2026-04-21 22:32:18 +00:00
1 changed files with 36 additions and 19 deletions
--- a/generic_loader/load_sas.py
+++ b/generic_loader/load_sas.py
@ -183,15 +183,17 @@ Priority order used by :func:`infer_schema`:
       value exceeds the int32 range ``NUMERIC_INT_RANGE``); otherwise
       ``DOUBLE PRECISION``.

-Type inference scans only the first ``TYPE_INFERENCE_SAMPLE_ROWS`` rows for
-performance on large files. The CLI enforces this at read time via
-:func:`read_sas_preview`, so the whole file is never materialized just to pick
-types. Sampled specs carry an ``inferred_from_sample`` marker and the usual
-tradeoffs: if the first N rows fit ``INTEGER`` but a later row exceeds int32,
-or a column had no nulls in the preview but does later in the file, ``COPY``
-will fail mid-stream and the whole transaction rolls back. Set
-``TYPE_INFERENCE_SAMPLE_ROWS = None`` to scan every row when exact typing
-matters more than speed.
+Type inference scans the whole file by default (``TYPE_INFERENCE_SAMPLE_ROWS
+= None``) so type + nullability are both computed against every row. The CLI
+materializes the file once for schema inference, then re-streams it chunk by
+chunk into ``COPY``; peak memory is roughly one full dataframe.

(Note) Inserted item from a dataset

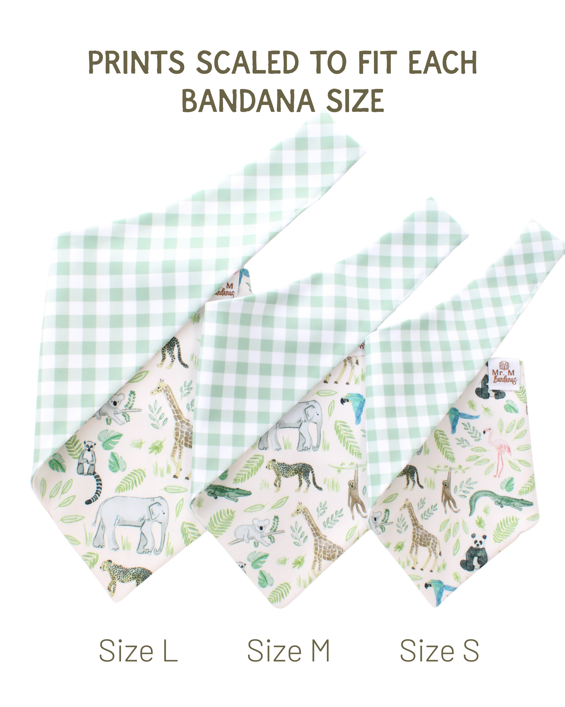 • Choose the next largest size if you are unsure or if your pet is floofy. A slightly oversized bandana is better than one too small, not to mention safer for your pup.

Override
+``TYPE_INFERENCE_SAMPLE_ROWS`` to an integer cap if you're on a host that
+can't hold the file in memory - but know that sampled specs carry the usual
+risks: a later row may exceed the inferred integer range, or a column that
+had no nulls in the preview may carry nulls later in the file (which then
+detonates ``COPY`` because the sampled spec stamped it ``NOT NULL``). Seen
+in production on a 2.5M-row file with ~6k null MAFIDs past the 10k-row
+preview - the entire load aborted mid-stream.

 Streaming loads use :func:`iter_sas_chunks` + :func:`copy_dataframes`, which
 commit each chunk as it is copied so an interrupted load retains the rows
@ -255,12 +257,19 @@ values; too small a sample is easy to mis-infer."""
 NUMERIC_INT_RANGE = (-2_147_483_648, 2_147_483_647)
 """INTEGER bounds; anything outside becomes BIGINT."""

-TYPE_INFERENCE_SAMPLE_ROWS: Optional[int] = 10_000
+TYPE_INFERENCE_SAMPLE_ROWS: Optional[int] = None
 """Cap on rows inspected during per-column type inference. Also governs how
 many rows :func:`read_sas_preview` pulls from the file for dry-run / validate /
-schema-inference flows. Set to ``None`` to scan every row (and read the whole
-file into memory for the preview step - don't do this on multi-hundred-million
-row files)."""
+schema-inference flows.
+
+Default is ``None`` (scan every row, reading the whole file into memory for
+the schema-inference step). That's the only honest setting for nullability:
+any integer cap lets a column look ``NOT NULL`` across the first N rows
+while the file actually holds rare nulls past the window, which then
+detonates ``COPY`` mid-stream (seen in production on a 2.5M-row file where
+~6k MAFIDs were null past the 10k-row preview). If you're loading a file
+so large that a full read won't fit in memory, set this to an integer cap
+and accept that sampled specs can't be trusted for ``NOT NULL``."""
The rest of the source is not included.